(Provided data)

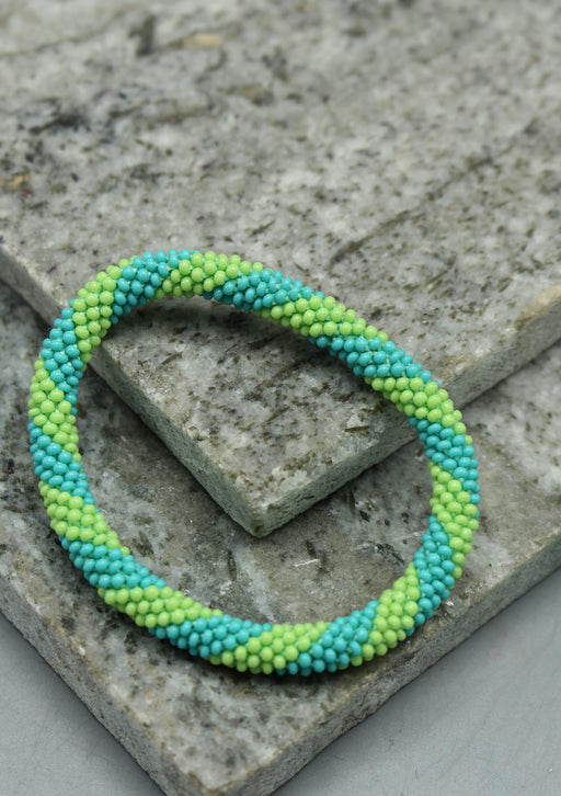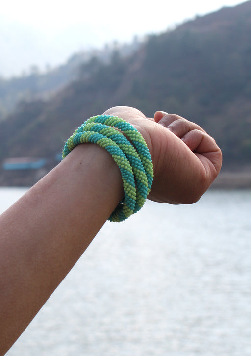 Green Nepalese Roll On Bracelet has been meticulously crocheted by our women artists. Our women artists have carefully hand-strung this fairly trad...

(End Provided data)
(Provided data)

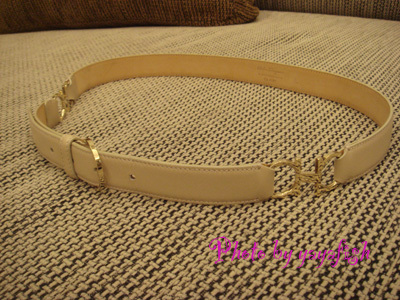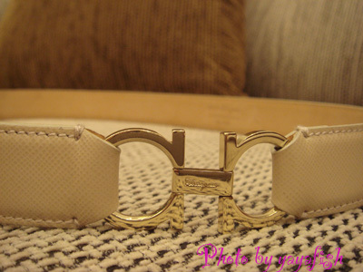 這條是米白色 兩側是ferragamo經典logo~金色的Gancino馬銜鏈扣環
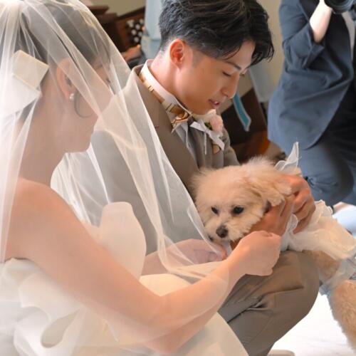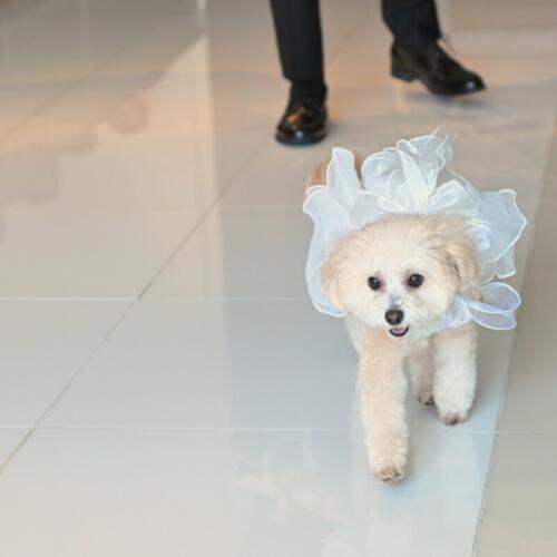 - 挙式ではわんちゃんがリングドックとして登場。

(End Provided data)

Requirement: From the line containing "這條是米白色 兩側是ferr" through the line containing "- 挙式ではわんちゃんがリングドックとして登場。", copy every line above exactly, without pictures.

Written reply:
 這條是米白色 兩側是ferragamo經典logo~金色的Gancino馬銜鏈扣環
 - 挙式ではわんちゃんがリングドックとして登場。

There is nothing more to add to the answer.